Helly was the last person on earth he was expecting to see.

She was so far from his thoughts that for a moment he hardly recognized her; also, she wasn’t dressed up in one of her usual spectacular outfits, she was wearing some big shapeless dark sweater and her face wasn’t made up. Her usual beauty — which he thought of, if he thought of it at all, as a kind of remote and dazzling performance in a genre that was of no interest to him — was quenched. She looked ordinary: ordinary and, in some indefinite way that rang a vague alarm, perhaps unhappy or ill.

— Hello, Bram.

— God: Helly, why didn’t you phone? Clare’s not here. She’s away for the weekend.

She couldn’t have come at a worse time; he was all ready, he wanted to get going. He had an exasperated sinking sense that he would be obliged to go through the sociable motions, invite her in, talk with her, perhaps even feed her; and all the while he would be raging inwardly, longing to be alone, stricken with visions of the little sandy field with rowan trees behind the dunes at Ogmore where he planned to put up his tent the first night. Although he already knew he would submit to those wretched laws of sociability — not his laws, but laws whose authority he conceded in the world of Clare and Clare’s friends — he didn’t yet move from his position at the door.

— So what are you doing down here?

— Oh. Oh, she said. So Clare’s not here. And she executed a funny little turn on her feet, looking behind her, twisting her long mouth in a stricken way that put him on his guard: she was portentous with something, with trouble, with scenes, with confidences.

— I’m so sorry. She’s staying at a B and B in London tonight, so she can get lots of work in at the library. You should have phoned. I’m just on my way out. I’ve got to go.

— So you’re here with the kids?

— No: the kids are at Clare’s mum’s.

— That’s such a shame: I really wanted to see them.

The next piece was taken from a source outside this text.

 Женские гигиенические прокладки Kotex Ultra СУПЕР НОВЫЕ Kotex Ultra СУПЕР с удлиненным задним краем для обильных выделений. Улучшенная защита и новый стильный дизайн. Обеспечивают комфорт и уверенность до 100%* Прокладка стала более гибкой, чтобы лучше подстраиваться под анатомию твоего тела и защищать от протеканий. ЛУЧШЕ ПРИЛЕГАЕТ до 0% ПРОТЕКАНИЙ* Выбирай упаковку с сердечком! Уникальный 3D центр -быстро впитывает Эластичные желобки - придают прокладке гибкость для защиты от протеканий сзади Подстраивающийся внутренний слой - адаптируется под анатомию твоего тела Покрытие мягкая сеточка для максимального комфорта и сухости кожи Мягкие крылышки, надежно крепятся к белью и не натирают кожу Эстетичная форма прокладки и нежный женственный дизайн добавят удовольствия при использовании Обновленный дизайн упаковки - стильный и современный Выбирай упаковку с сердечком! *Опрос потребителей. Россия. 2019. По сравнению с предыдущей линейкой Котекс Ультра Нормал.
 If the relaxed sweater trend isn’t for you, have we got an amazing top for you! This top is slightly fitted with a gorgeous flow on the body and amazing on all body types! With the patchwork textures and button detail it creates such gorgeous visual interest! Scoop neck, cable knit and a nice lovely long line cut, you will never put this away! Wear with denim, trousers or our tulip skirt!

— Why don’t you go round to Marian’s? She’d love to see you, and she’d be delighted at a bit of adult solidarity, I should think. He hoped he didn’t sound too relieved as this solution to her appearance presented itself; he even stepped back slightly into the hall and opened the door wider, as if to distract her attention from how eager he was for her to go.

— Can’t I come in?

He sighed; he submitted.

The house looked strange to him as they walked through it: empty of all the presences whose signs still filled it with mute clamor, the usual litter of the children’s toys and drawings, Clare’s desk with its piles of library books built up like walls around her sacrosanct working space.

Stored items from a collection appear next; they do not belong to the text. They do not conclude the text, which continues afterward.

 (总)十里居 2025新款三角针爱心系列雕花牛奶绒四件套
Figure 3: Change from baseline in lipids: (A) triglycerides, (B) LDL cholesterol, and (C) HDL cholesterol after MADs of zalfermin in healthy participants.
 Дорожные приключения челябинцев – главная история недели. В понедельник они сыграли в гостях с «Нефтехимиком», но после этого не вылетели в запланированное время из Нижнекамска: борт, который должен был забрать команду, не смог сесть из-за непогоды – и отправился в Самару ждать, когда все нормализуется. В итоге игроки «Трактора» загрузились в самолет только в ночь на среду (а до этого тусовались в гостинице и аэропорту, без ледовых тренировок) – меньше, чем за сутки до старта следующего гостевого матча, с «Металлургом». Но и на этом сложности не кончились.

Helly sat cross-legged and straight-backed in the armchair in the living room and lit a cigarette; he hated smoking, he had to find a saucer for her to use as an ashtray. She talked to him while he made her tea. She always talked as if she were in public, laughing and finding startling and original things to say. Bram’s role was to react as if he was slightly perplexedly amused by her, but he wasn’t sure if he really thought her amusing. She said she was down visiting her parents at Poynton for the weekend: she described to him the effect she had in the Close when she arrived in her leathers on her motorbike. My mother said she wished I would invest in a nice little Nissan.

— Milk? Sugar?

— Black, please. No: actually, why not? I feel like sugar, milk and sugar, make it really sweet, put two. Three. So: Bram. Where are you so eager to be off to? You can’t wait to get rid of me. Where are you going? Are all these piles of macho-looking outdoor equipment yours?

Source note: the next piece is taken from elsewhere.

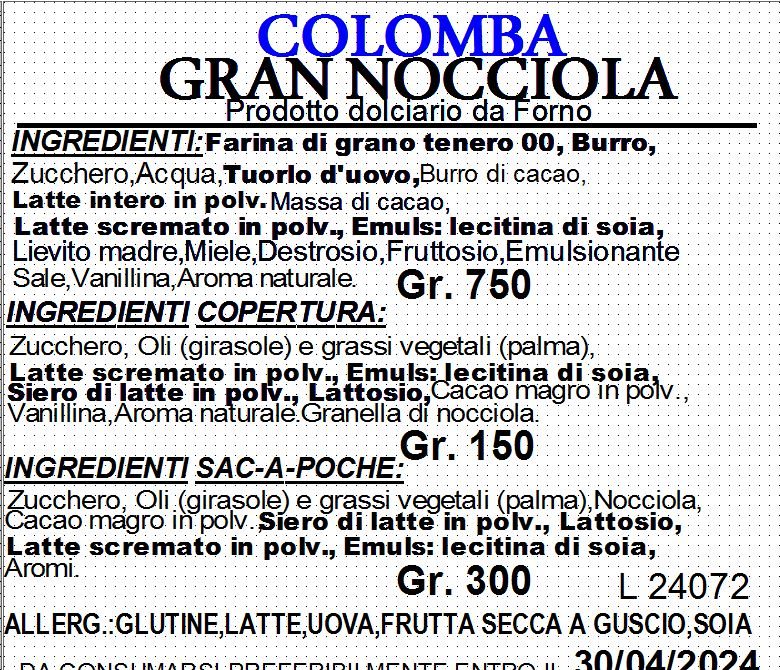 Colomba Gran Nocciola 900g + Sac à Poche 300g + Uovo al Latte Stagnolato 250g quantità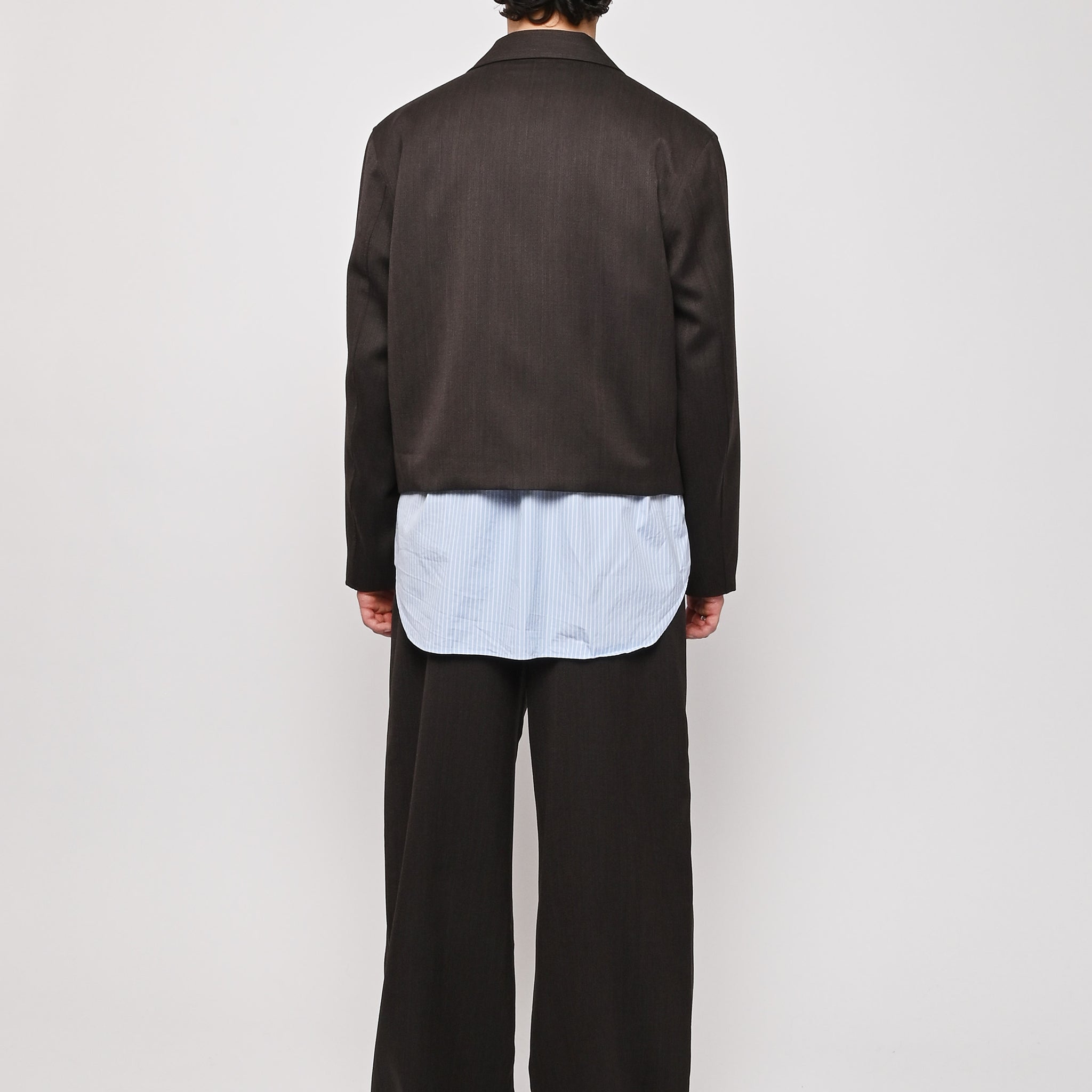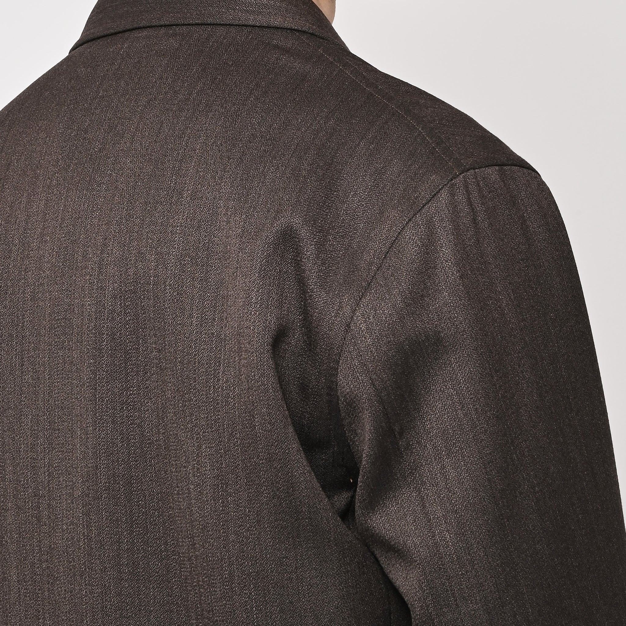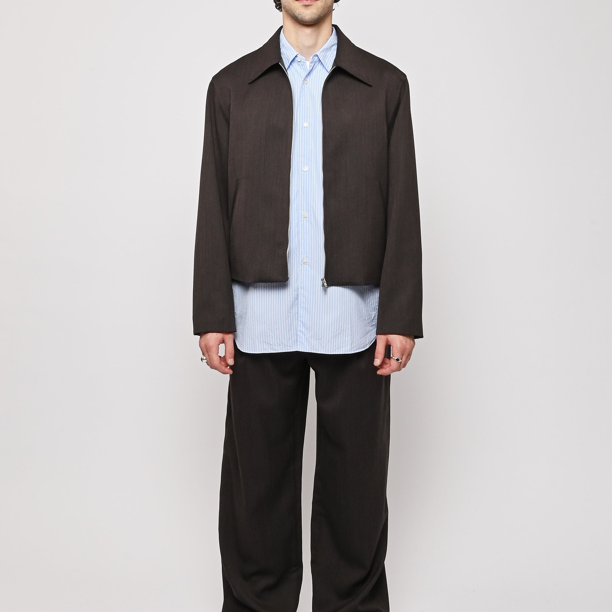 Our Legacy's Mini Jacket in Havana Brown Chain Wool. Produced in Italian suiting fabric made from virgin wool, the men's Mini Jacket has a minimalist, boxy fit and features full lining, a RiRi two way zip and jet front pockets.

He felt a visceral reluctance to part with the information: his field, his rowan trees, his deep covering night, pregnant with his absence, awaiting him.

— Work. A field trip.

— D’you mean lots of sweaty biologists with worms in jars singing folk songs in a center?

— One sweaty biologist in a tent, in fact. The worms and the folk songs are my secret.

— Let me come with you, she said, in a suddenly completely different voice.

He stopped still, slopping the tea he was carrying in for her. Don’t be ridiculous.

— Let me come, she said.

— Under no circumstances can you come. Or — he remembered to be courteous — could you possibly want to come, where I’m going.